Just before the 2011 general election Hirvisaari was prosecuted for his blog in the Uusi Suomi newspaper web site under the title "Kikkarapäälle kuonoon". The text referenced an attack on a foreign person in Helsinki — Hirvisaari wrote that the crime had not necessarily been a racist one. In November 2010 the district court of Päijät-Häme dropped the charges against him of incitement. After consultation with the deputy general attorney, Jorma Kalske, the state appealed against the verdict. In December the Kouvola court of appeals found Hirvisaari guilty of incitement and fined him.

In October 2013, Speaker of the Parliament Eero Heinäluoma issued a notice of censure to Hirvisaari for an incident where he had invited far-right activist Seppo Lehto as his guest to the parliament. During his visit, Lehto made several Nazi salutes, including at least one instance where Hirvisaari took a photo of Lehto performing the Nazi salute from the spectator gallery overlooking the Parliament House's Session Hall.
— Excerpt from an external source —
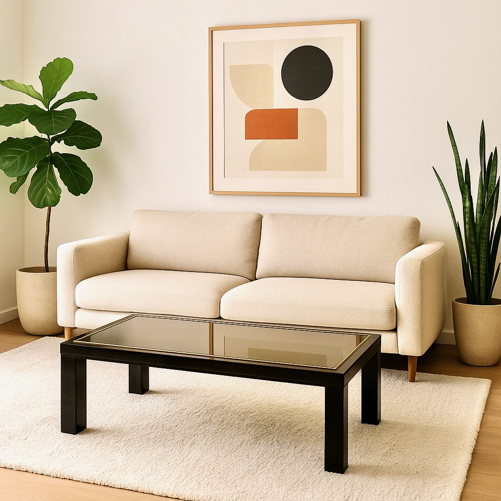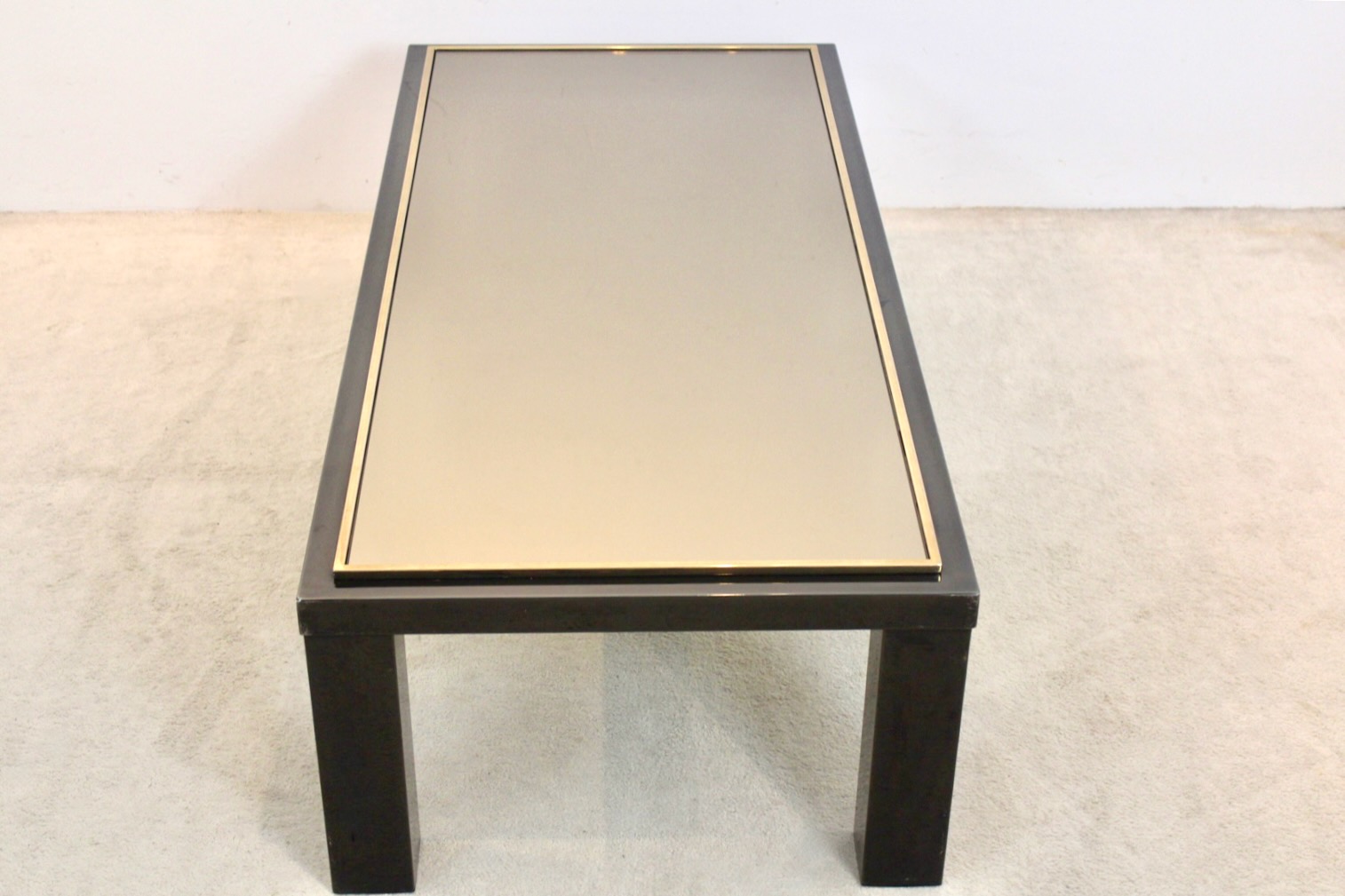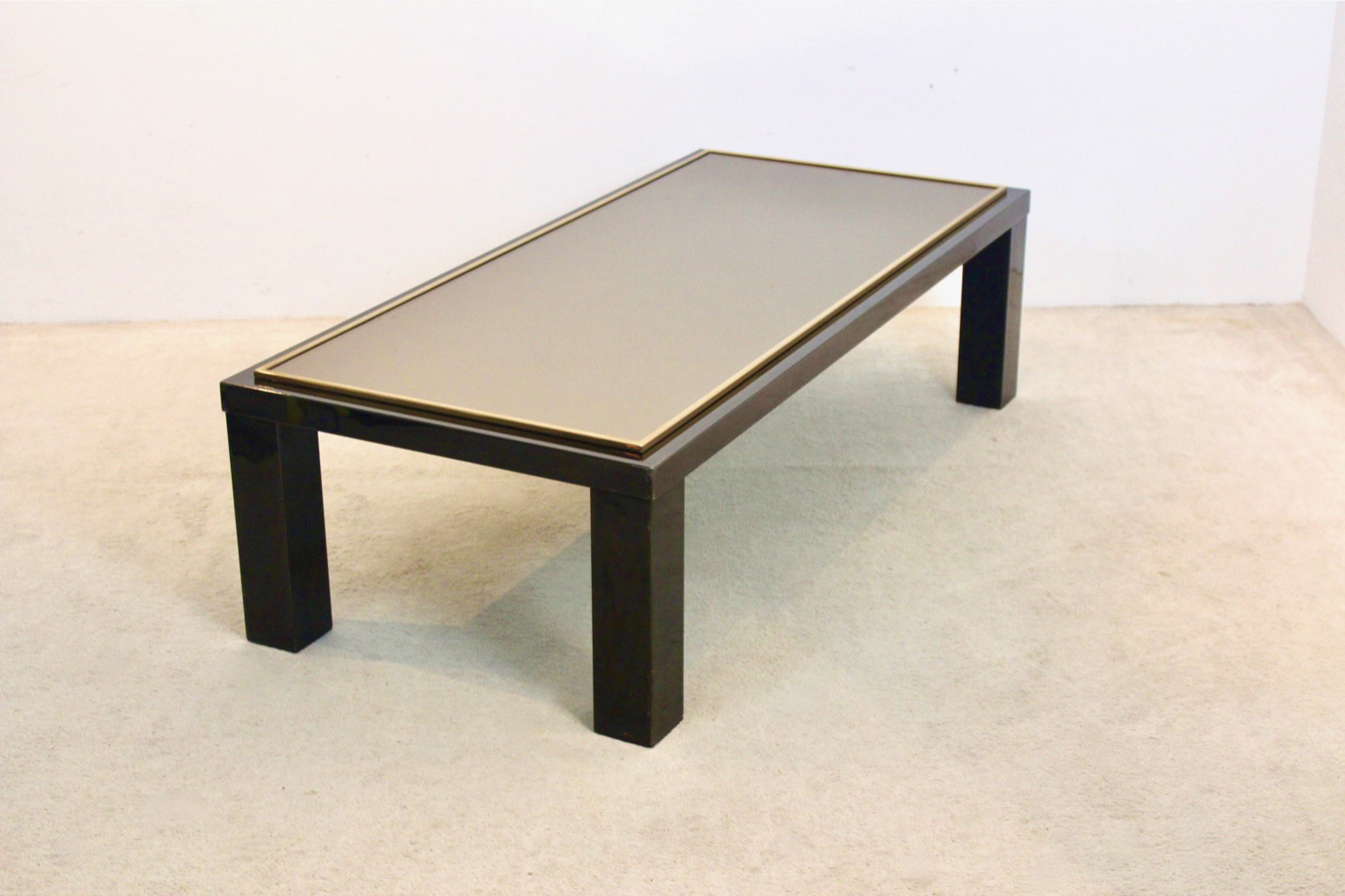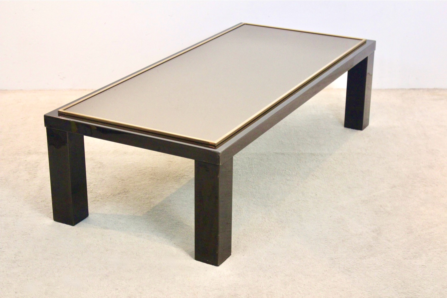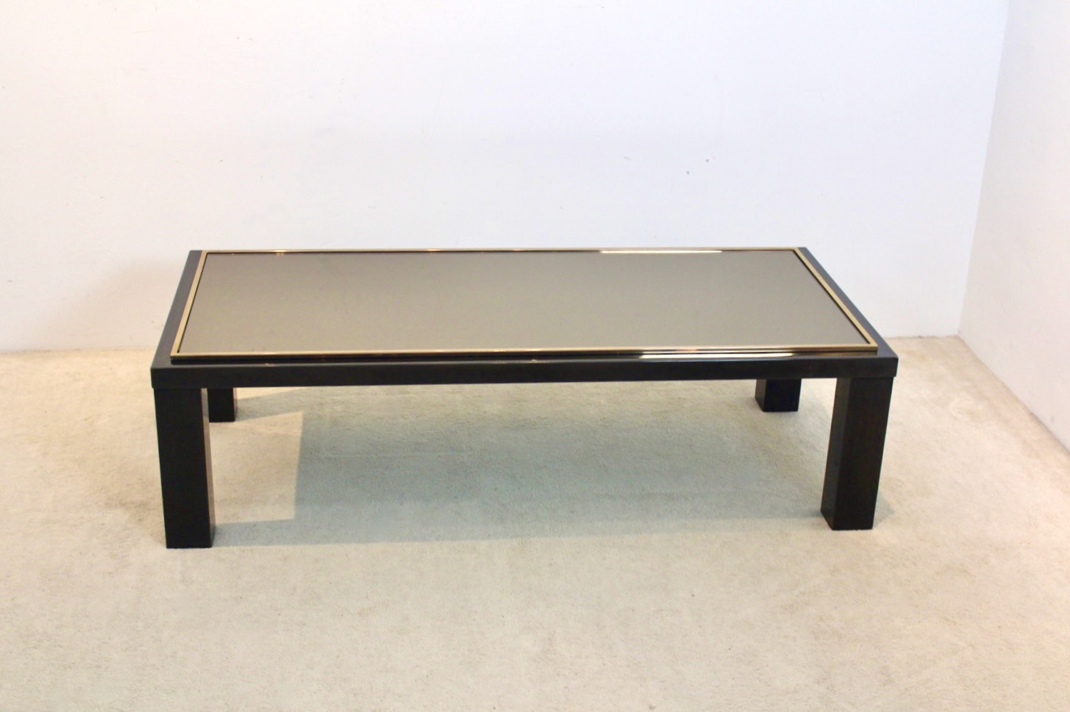 Refined Mid-Century Modern Coffee Table by Belgochrom, crafted in Belgium in the 1970s. This elegant piece showcases the brand’s signature blend of modernist form and luxurious materials. The table features a sleek black lacquered frame with bold, geometric legs, embodying the minimalist aesthetic of the era. Its top is composed of smoked mirrored glass, bordered with a slim 23carat Goldplated trim that adds a touch of understated glamour. The materials are impeccably balanced—reflective, weighty, and architecturally precise.

Photos and videos of Lehto performing the Nazi salute in the Parliament House were then distributed on Lehto's public Facebook page and on YouTube. The Finns Party leadership then unanimously decided to expel Hirvisaari from the party, citing multiple cases of acting against the party's interest. After his expulsion from the Finns Party Hirvisaari joined Change 2011, becoming that party's first MP.

In the 2015 parliamentary elections Hirvisaari was a candidate for the Muutos 2011 party on the Uusimaa electoral district, but did not gather enough votes to be elected.

==Suomen Sisu==
The board of the Finnish nationalist association Suomen Sisu congratulated Hirvisaari for his election to the Finnish parliament and referred to him as "one of its members". In 2013 Hirvisaari resigned his membership in Suomen Sisu, but he rejoined the organisation in 2014.

==Nuiva manifesti==
James Hirvisaari was one of the authors of the so-called "Nuiva Manifesti" ("The sour electoral manifesto"), an election campaign programme critical of current Finnish immigration policy. The other authors were Finns Party politicians Juho Eerola, Jussi Halla-Aho, Olli Immonen, Teemu Lahtinen, Maria Lohela, Heikki Luoto, Heta Lähteenaro, Johannes Nieminen, Vesa-Matti Saarakkala, Pasi Salonen, Riikka Slunga-Poutsalo and Freddy Van Wonterghem.